Huh?All sounds good to me. There are four PCs to track their character’s stuff and one DM to track every other creature in the world. Makes sense to reduce the PCs a smidgen than increase everyone else.
The rules for PCs are quite complex, because they are designed as hobby for players to fiddle with.
The rules for non-PCs (team monster) are extremely stripped down in 5e. Making or adjusting monsters is trivial compared to a PC. And half of what I described was literally "interpret a monster as a strong or weak example of its kind".
Like, if "Guard" is the stats of a professional soldier the PCs might fight, or if "Veteran" is the stats of a professional soldier. That is CR 1/8 or CR 2 "baseline soldier". That small shift is larger in impact than any tweak of PCs stats with regards to how the world feels.

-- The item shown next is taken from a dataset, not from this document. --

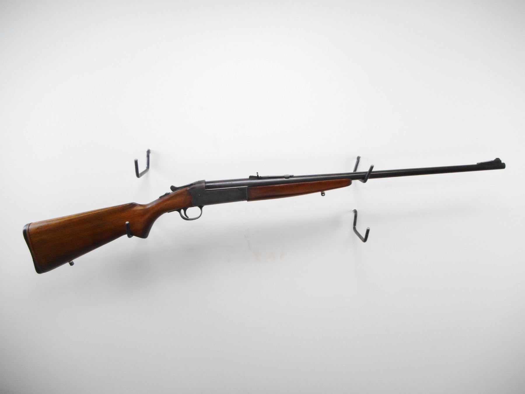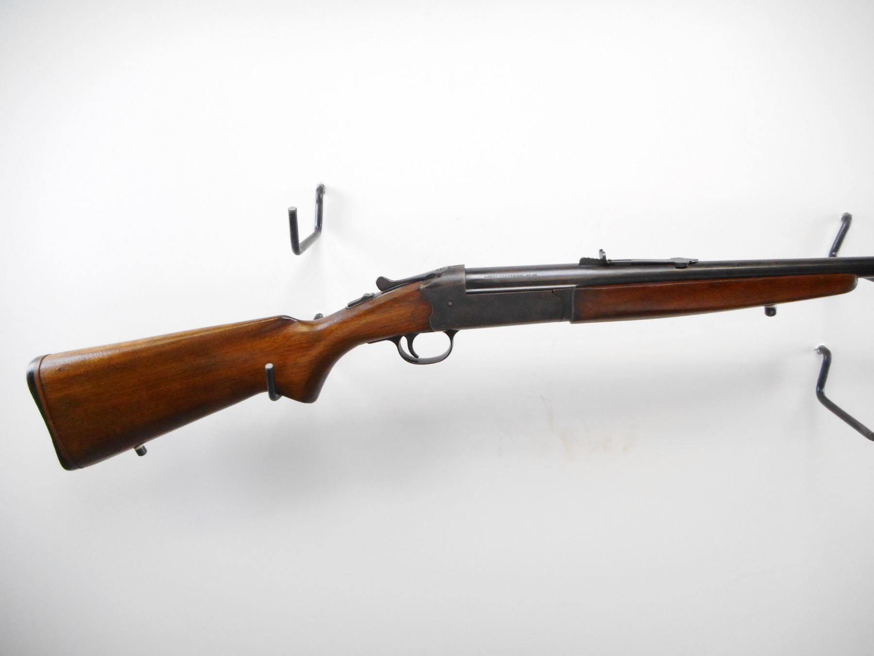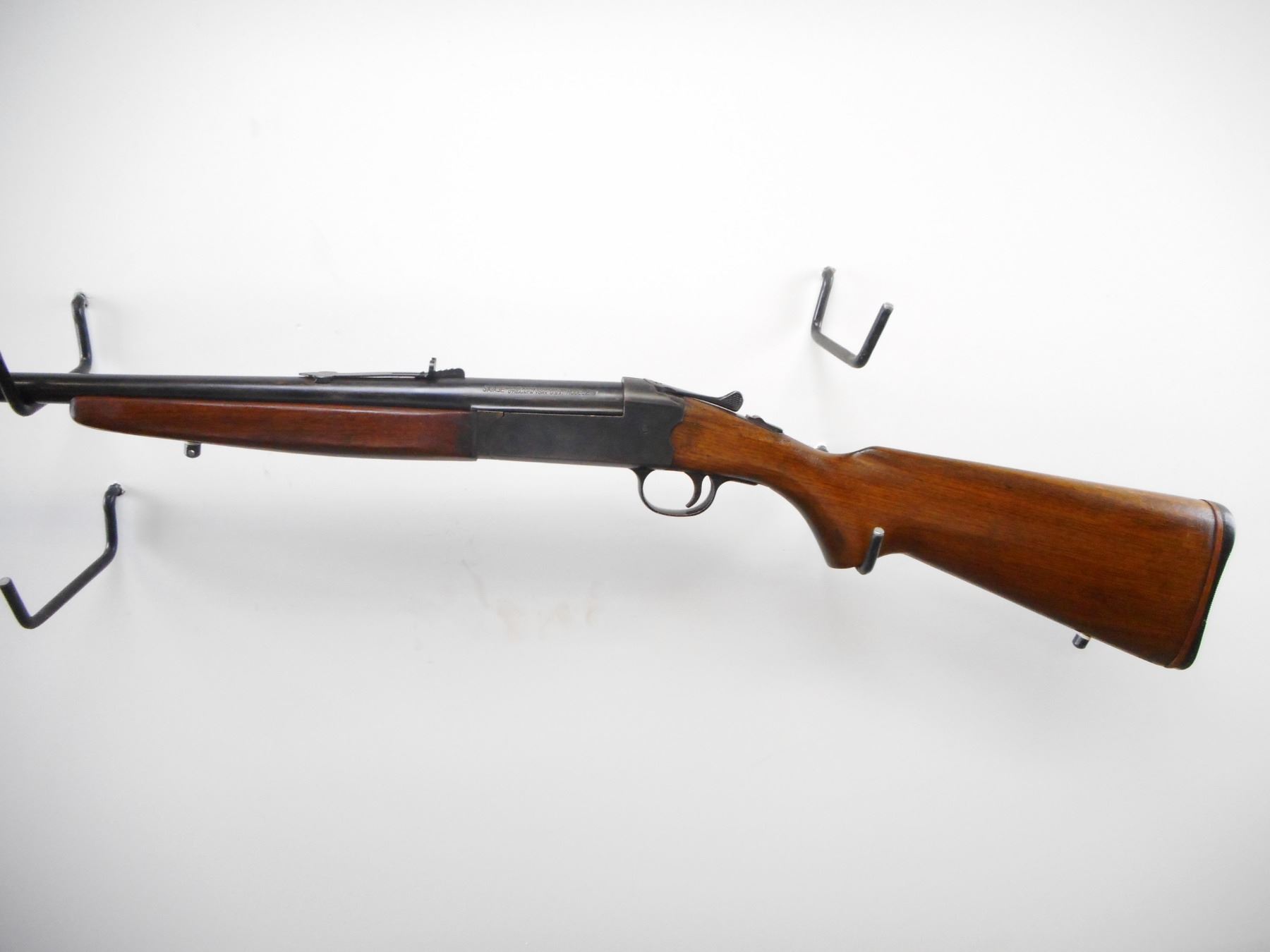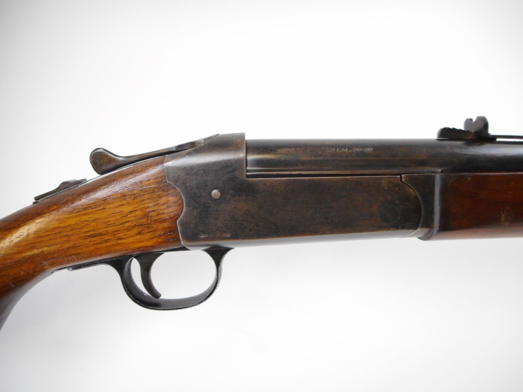 SAVAGE , MODEL: 219 , CALIBER: 30-30 WIN , BORE IS GOOD, LIGHT PITTING. BLADE FRONT SIGHT WITH RAMP. ADJUSTABLE U NOTCH REAR SIGHT. BLUED FINISH ON METAL PARTS. TANG SAFETY. TWO PIECE SMOOTH WOOD STOCKS. PISTOL GRIP. SMOOTH BLACK POLYMER BUTT PLATE. STOCK CRACKED AND REPAIRED BEHIND RECEIVER. SWIVEL STUDS. METAL SHOWS HANDLING MARKS AND WEAR. STOCKS SHOWS HANDLING MARKS AND WEAR. , ACTION: HINGE SINGLE SHOT , BARREL LENGTH: 26" , SERIAL # N/A , CONDITION: 6/10 , CLASS: CANADIAN NON RESTRICTED CLASS
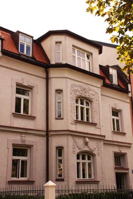 Mietshaus, zweigeschossiger Mansarddachbau mit erhöhtem Bodenerker und jugendstiligem Stuckdekor, um 1900

The same holds true of "Orc"s. Is the "Orc" monster manual entry a "professional" orc warrior, or an incompetent grunt, the stats of a civilian orc who picks up an axe? And real front-line orcs are "berserkers"? You aren't even writing monster stats, just picking what the existing monsters mean.
That works pretty well. But it is really easy to go further; you want Griffons to be more of a threat, or whatever.
* Monsters get 2 save proficiencies per tier; 0-2 in T1, 2-4 in T2, 4-6 in T3, and start getting expertise in saves in T4.
* Up attack stats by +2 to +4, and Dex if it contributes to AC by +2 to +4, giving your monsters +1-2 to ATK and AC
* Up AC by 1 or 2 points whenever the source of AC isn't boosted by dex (hide is thicker, they have something like defensive fighting style, etc).
* Use max HP per HD.
* For damage on attacks, use the average as your damage bonus and also roll the dice. On crits, maximize the dice. So 2d6+3 (10) would be 10+2d6.
These monsters deal 1.75x damage, have 1.75x HP, and get +1-2 points on average on defences and attacks. Their XP value is about 2x baseline if you want an idea of how deadly the encounters are, or just calibrate your expectations of what "deadly" means to mean "party is likely to TPK" instead of "it is possible a party member may drop to 0 HP".
No need to mess with the PC buliding minigame, with all of its "this change makes monks nearly unplayable" type consequences. Because what PC stats means is in relation to the world.